PI3K/AKT/mTOR pathway:
BAFFR recruits PI3K through TRAF2/6, catalyzing the conversion of PIP2 to PIP3 and activating AKT. Downstream, phosphorylation of mTOR regulates metabolic reprogramming, enhancing mitochondrial function and inhibiting apoptotic proteins (such as BAD and FOXO)1810. Function: Supports B cell proliferation and energy metabolism, directly driving abnormal B lymphocyte expansion in rheumatoid arthritis (RA) models.
MAPK pathway:
BAFFR activates ERK1/2, JNK, and p38 mitogen-activated protein kinase (MAPK) through TRAFs. ERK1/2 promotes cell cycle progression (e.g., Cyclin D1 expression); JNK/p38 regulates inflammatory responses and cell migration. Function: Involved in B cell differentiation, release of inflammatory cytokines (e.g., IL-6, IL-1β), and tissue infiltration. Pathway interactions: These three pathways work synergistically to form a "proliferation-anti-apoptosis-inflammation" network, which is particularly aberrantly activated in autoimmune diseases (e.g., SLE, RA) and B cell lymphomas.
(Data source: Cristian R Smulski 1, Hermann Eibel. Front Immunol. 2018)
BAFFR and disease
Autoimmune diseases: Overactivation of BAFFR leads to the expansion of autoreactive B cells and the production of autoantibodies, ultimately leading to the development of diseases such as systemic lupus erythematosus (SLE), rheumatoid arthritis (RA), and Sjögren's syndrome (SS);
Immunodeficiency diseases: Gene mutations (such as P21R) cause B cell developmental arrest, which is seen in common variable immunodeficiency (CVID) and selective IgA deficiency;
B-cell malignancies: Sustained activation of the NF-κB/PI3K pathway promotes tumor survival, as exemplified in diffuse large B-cell lymphoma (DLBCL) and chronic lymphocytic leukemia .

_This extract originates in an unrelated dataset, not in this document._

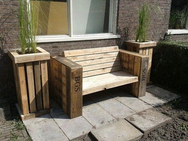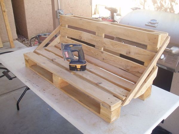 Паллеты часто используют для изготовления скамеек. Ширина паллеты велика для сидения скамьи. Ее надо обрезать, а остаток может пойти на устройство спинки.

(Data source: Samy E, Wax S, Huard, et al. Int Rev Immunol. 2017)
BAFFR-targeted therapy
Ianalumab ( NOV-5 / VAY-736 ), a fully humanized monoclonal antibody targeting BAFFR , developed by Novartis , is a BAFFR -blocking antibody that specifically binds to BAFF-R on the surface of B cells , blocking the interaction between endogenous BAFF ( B- cell activating factor) and the receptor. It is used to treat conditions such as Sjögren's syndrome, systemic lupus erythematosus, immune thrombocytopenia, and febrile autoimmune hemolytic anemia. On February 15, 2018 , Ianalumab first began Phase III clinical trials in the United States for the treatment of autoimmune hepatitis.
(Data source: Bowman SJ, et al. Lancet. 2022)
Telitacicept is a recombinant human B lymphocyte stimulator receptor-antibody fusion protein developed by RemeGen Co., Ltd. that targets APRIL and BAFF. BAFF and APRIL are core regulatory factors for B cell maturation and differentiation. Overexpression can lead to abnormal B cell activation and autoantibody production. Tacicept can efficiently bind to both, blocking their binding to receptors (TACI/BCMA/BAFF-R), thereby inhibiting B cell proliferation, plasma cell differentiation, and the production of pathogenic autoantibodies (such as Gd-IgA1). It is used to treat myasthenia gravis, rheumatoid arthritis, systemic lupus erythematosus and other diseases. On March 9, 2021, it was first approved for marketing in China for the treatment of diseases such as the immune system.
Anti-BAFFR CAR-T, a BAFFR-targeted CAR-T therapy (Patent No. CN119241730A ) developed by Tianjin Medical University General Hospital couples an anti- BAFFR nanobody with a second-generation signaling domain ( CD3ζ/4-1BB ). Its mechanism of action is to secrete IL-10 in BAFFR CAR-T cells , enhancing anti-tumor activity and reducing T cell exhaustion, thereby inducing T cell-specific B cell cytotoxicity. It is intended for the treatment of myasthenia gravis and aquaporin 4 antibody-positive neuromyelitis optica . The first Phase 2 clinical trial was conducted on October 1, 2024.